What that means is that you need to identify the most important tools and functions of the Tidyverse, and then practice them until you are fluent.

But once you have mastered the essential functions as isolated units, you need to put them together. By putting the individual piece together, you solidify your knowledge of how they work individually but also begin to learn how you can combine small tools together to create novel effects.

With that in mind, I want to show you another small project. Here, we’re going to use a fairly small set of functions to create a map of the largest cities in Europe.

As we do this, pay attention:

  • How many packages and functions do you really need?
  • Evaluate: how long would it really take to memorize each individual function? (Hint: it’s much, much less time than you think.)
  • Which functions have you seen before? Are some of the functions and techniques used more often than others (if you look across many different analyses)?

Ok, with those questions in mind, let’s get after it.

First we’ll just load a few packages.



Next, we’re going to use the rvest package to scrape data from Wikipedia. The data that we are gathering is data about the largest cities in Europe. You can read more about the data on Wikipedia.

html.population <- read_html('https://en.wikipedia.org/wiki/List_of_European_cities_by_population_within_city_limits')

df.euro_cities <- html.population %>%
  html_nodes("table") %>%
  .[[2]] %>%

# inspect
df.euro_cities %>% head()
df.euro_cities %>% names()

Here at Sharp Sight, we haven’t worked with the rvest package in too many examples, so you might not be familiar with it.

Having said that, just take a close look. How many functions did we use from rvest? Could you memorize them? How long would it take?

Ok. Now we’ll do a little data cleaning.

First, we’re going to remove some of the variables using dplyr::select(). We are using the minus sign (‘-‘) in front of the names of the variables that we want to remove.

df.euro_cities <- select(df.euro_cities, -Date, -Image, -Location, -`Ref.`, -`2011 Eurostat\npopulation[3]`)

# inspect
df.euro_cities %>% names()

After removing the variables that we don’t want, we only have four variables. These remaining raw variable names could be cleaned up a little.

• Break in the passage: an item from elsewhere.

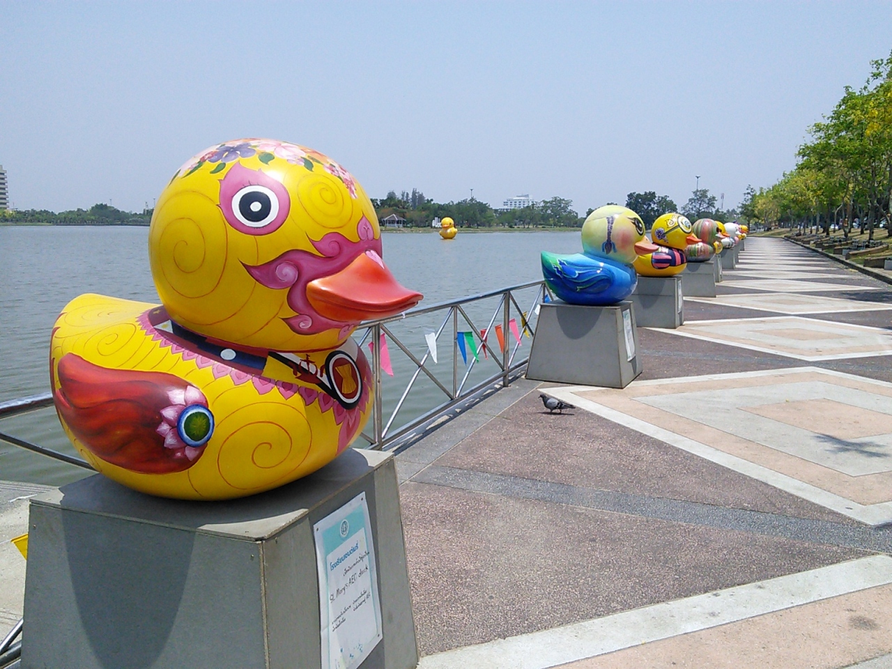 ウドン名物?の“アヒルちゃん”を見に行きました。市長の鶴の一声で公園の池に現れたアヒルちゃん。当初は中に空気を入れた巨大なバルーン状のものだったようですが過去に強風で飛ばされ大破。その後、紆余曲折あり現在は小っちゃなものが一羽浮かんでいます。遠くからなのでよくわかりませんがプラスチック製のようにも見えました。

Ideally, we want names that are lower case (because they are easier to type). We also want variable names that are brief and descriptive.

In this case, renaming these variables to be brief, descriptive, and lower-case is fairly straightforward. Here, we will use very simple variable names: like rank, city, country, and population.

To add these new variable names, we can simply assign them by using the colnames() function.

colnames(df.euro_cities) <- c("rank", "city", "country", "population")

# inspect
df.euro_cities %>% names()
df.euro_cities %>% head()

Now that we have clean variable names, we will do a little modification of the data itself.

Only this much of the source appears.